==== INFORMATION

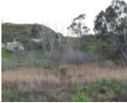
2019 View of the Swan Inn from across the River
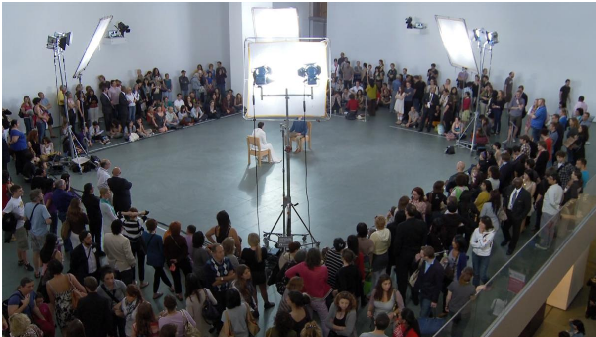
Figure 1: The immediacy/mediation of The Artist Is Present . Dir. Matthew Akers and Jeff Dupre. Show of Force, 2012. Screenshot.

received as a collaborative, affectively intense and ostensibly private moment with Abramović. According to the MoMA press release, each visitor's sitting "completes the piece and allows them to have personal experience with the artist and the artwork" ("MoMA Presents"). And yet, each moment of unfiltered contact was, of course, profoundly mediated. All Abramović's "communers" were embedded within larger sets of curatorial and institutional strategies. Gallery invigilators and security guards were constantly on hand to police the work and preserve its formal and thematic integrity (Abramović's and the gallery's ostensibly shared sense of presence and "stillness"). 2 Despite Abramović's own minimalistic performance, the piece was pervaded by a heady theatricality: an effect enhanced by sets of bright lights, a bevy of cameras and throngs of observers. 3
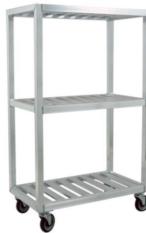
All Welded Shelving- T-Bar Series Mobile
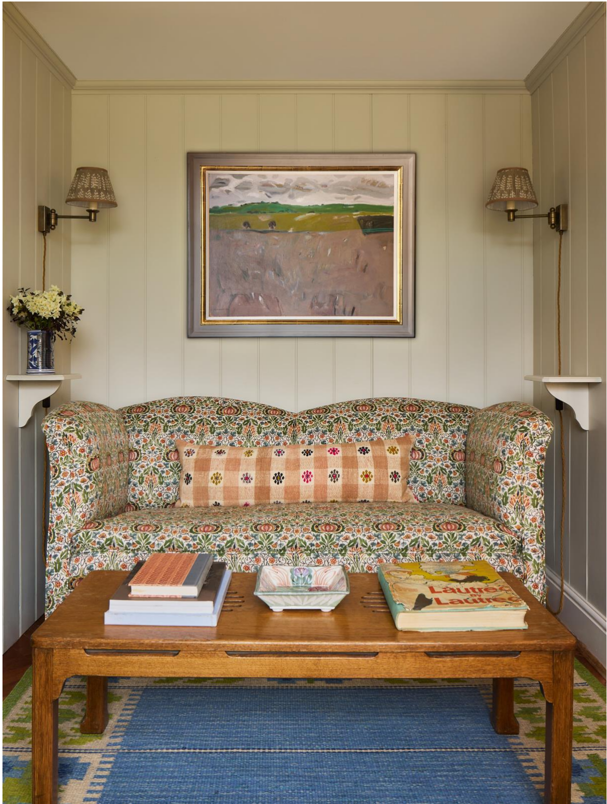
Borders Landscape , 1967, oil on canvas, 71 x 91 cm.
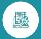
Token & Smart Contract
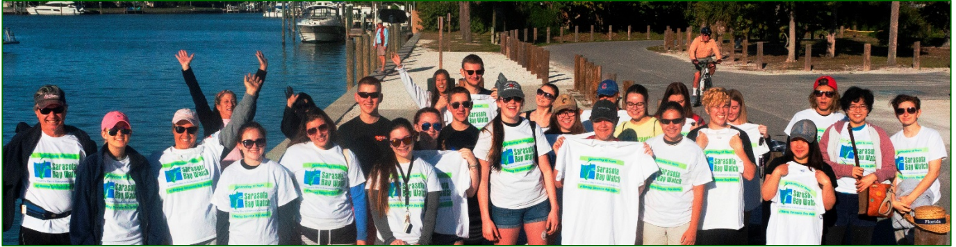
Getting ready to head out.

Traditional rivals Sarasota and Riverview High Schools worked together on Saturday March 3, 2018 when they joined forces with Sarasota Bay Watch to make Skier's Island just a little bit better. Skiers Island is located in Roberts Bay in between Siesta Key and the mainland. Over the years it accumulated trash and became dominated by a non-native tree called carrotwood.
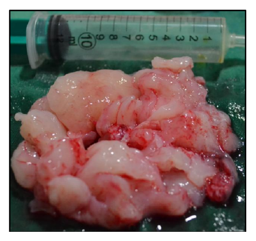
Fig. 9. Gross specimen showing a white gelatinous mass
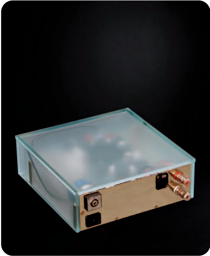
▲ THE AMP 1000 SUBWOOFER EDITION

========
==== INFORMATION

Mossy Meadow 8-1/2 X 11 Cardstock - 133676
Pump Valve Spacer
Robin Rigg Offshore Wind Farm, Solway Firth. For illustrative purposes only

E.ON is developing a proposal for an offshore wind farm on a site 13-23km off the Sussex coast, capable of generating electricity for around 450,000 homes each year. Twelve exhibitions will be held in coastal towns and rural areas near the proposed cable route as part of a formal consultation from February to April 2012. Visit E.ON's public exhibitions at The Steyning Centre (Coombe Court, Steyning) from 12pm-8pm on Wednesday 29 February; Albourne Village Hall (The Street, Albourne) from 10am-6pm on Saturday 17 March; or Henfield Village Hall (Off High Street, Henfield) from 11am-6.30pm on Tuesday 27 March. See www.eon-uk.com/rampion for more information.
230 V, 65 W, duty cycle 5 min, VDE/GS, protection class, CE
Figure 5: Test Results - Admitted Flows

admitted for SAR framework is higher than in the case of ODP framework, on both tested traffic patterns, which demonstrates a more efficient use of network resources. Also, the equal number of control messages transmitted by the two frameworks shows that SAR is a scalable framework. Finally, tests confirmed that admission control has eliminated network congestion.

========

** WHAT YOU SHOULD DO **
Looking at the listing above, which lines run from the one containing "Traditional rivals Sarasota" through the one containing "1000 SUBWOOFER EDITION"? Print exactly those, ends included, pictures excluded.

** OUTPUT **
Traditional rivals Sarasota and Riverview High Schools worked together on Saturday March 3, 2018 when they joined forces with Sarasota Bay Watch to make Skier's Island just a little bit better. Skiers Island is located in Roberts Bay in between Siesta Key and the mainland. Over the years it accumulated trash and became dominated by a non-native tree called carrotwood.
Fig. 9. Gross specimen showing a white gelatinous mass
▲ THE AMP 1000 SUBWOOFER EDITION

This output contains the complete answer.